■ Task input
——————
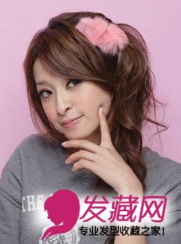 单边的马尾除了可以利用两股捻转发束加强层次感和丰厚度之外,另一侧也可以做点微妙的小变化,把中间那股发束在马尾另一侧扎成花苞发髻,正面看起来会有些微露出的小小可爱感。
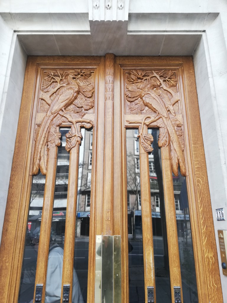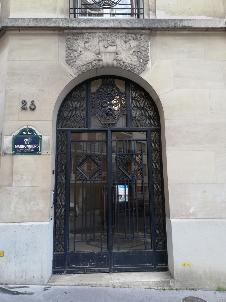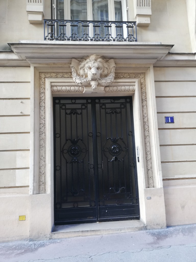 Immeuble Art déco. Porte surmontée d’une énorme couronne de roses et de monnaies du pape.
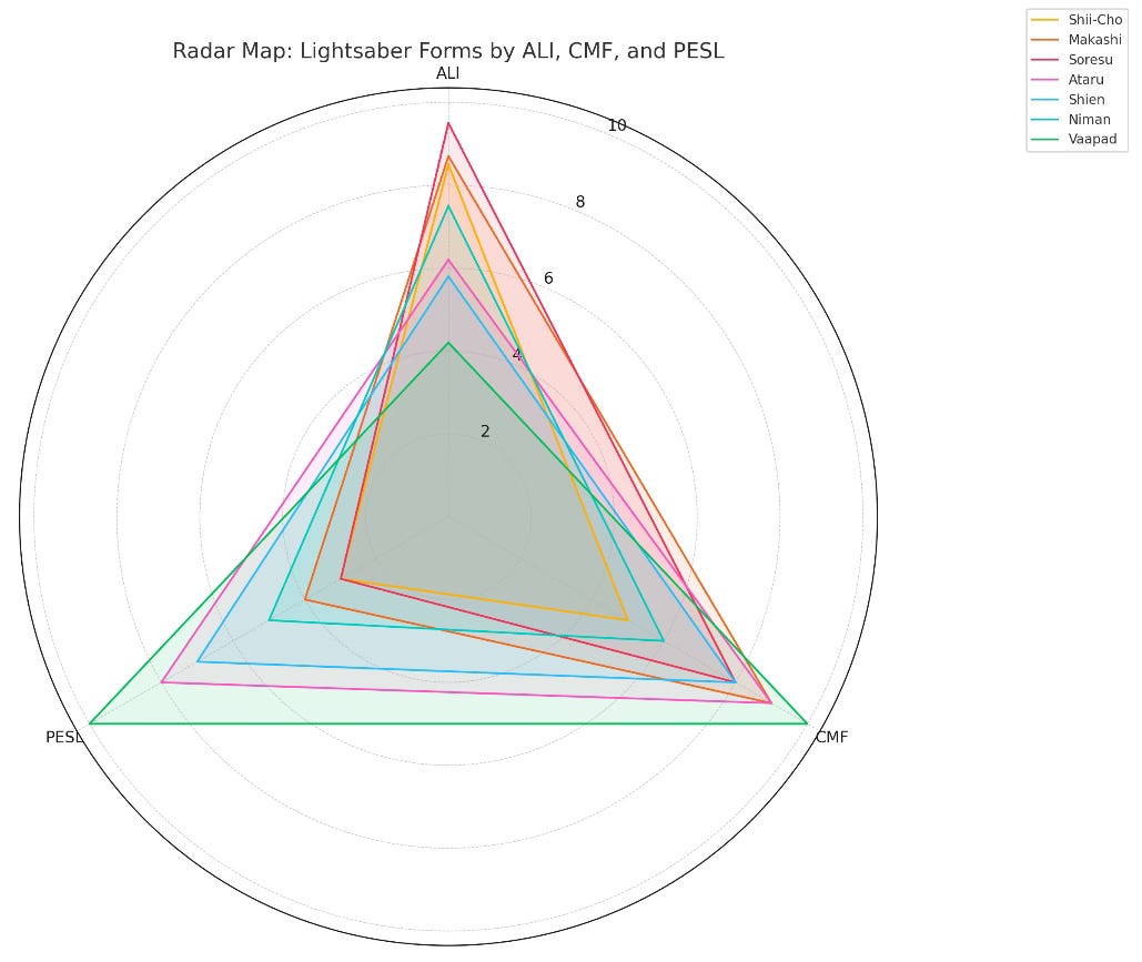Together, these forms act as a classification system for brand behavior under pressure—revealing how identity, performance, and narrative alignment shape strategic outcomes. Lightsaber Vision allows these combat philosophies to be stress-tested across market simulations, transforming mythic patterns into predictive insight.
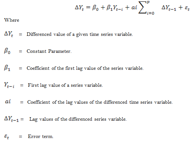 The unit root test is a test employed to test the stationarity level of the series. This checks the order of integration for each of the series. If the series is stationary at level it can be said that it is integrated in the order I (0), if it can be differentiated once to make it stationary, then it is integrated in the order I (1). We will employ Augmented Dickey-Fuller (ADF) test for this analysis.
——————
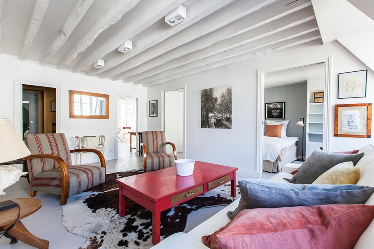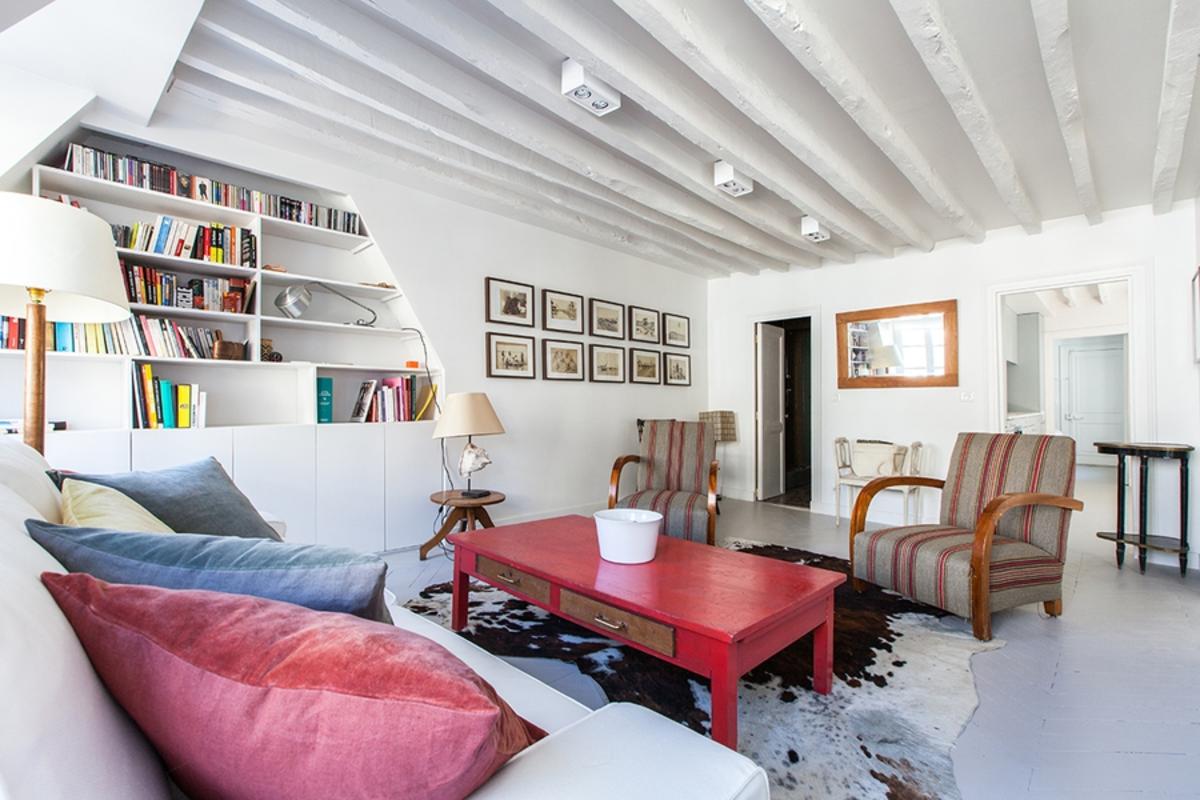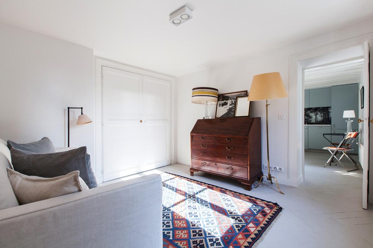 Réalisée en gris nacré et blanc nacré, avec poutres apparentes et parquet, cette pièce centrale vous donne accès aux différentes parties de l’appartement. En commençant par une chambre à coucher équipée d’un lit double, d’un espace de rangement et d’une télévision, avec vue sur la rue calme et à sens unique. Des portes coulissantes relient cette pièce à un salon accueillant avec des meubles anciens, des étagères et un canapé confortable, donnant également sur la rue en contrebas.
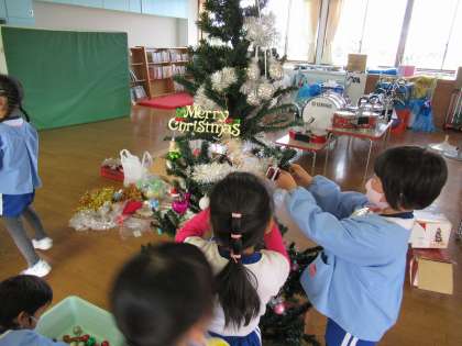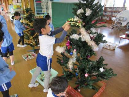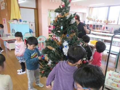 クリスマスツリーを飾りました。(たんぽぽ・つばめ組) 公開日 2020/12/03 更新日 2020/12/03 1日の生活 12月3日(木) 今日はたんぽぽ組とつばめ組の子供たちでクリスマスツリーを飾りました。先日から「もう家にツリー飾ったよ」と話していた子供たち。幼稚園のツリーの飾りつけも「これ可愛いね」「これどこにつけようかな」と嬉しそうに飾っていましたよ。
——————
Though the entries above contain pictures, none should be copied; reproduce only the lines between the one holding "单边的马尾除了可以利用两股捻" and the one holding "Together, these forms", inclusive, exactly as written.

 单边的马尾除了可以利用两股捻转发束加强层次感和丰厚度之外,另一侧也可以做点微妙的小变化,把中间那股发束在马尾另一侧扎成花苞发髻,正面看起来会有些微露出的小小可爱感。
 Immeuble Art déco. Porte surmontée d’une énorme couronne de roses et de monnaies du pape.
Together, these forms act as a classification system for brand behavior under pressure—revealing how identity, performance, and narrative alignment shape strategic outcomes. Lightsaber Vision allows these combat philosophies to be stress-tested across market simulations, transforming mythic patterns into predictive insight.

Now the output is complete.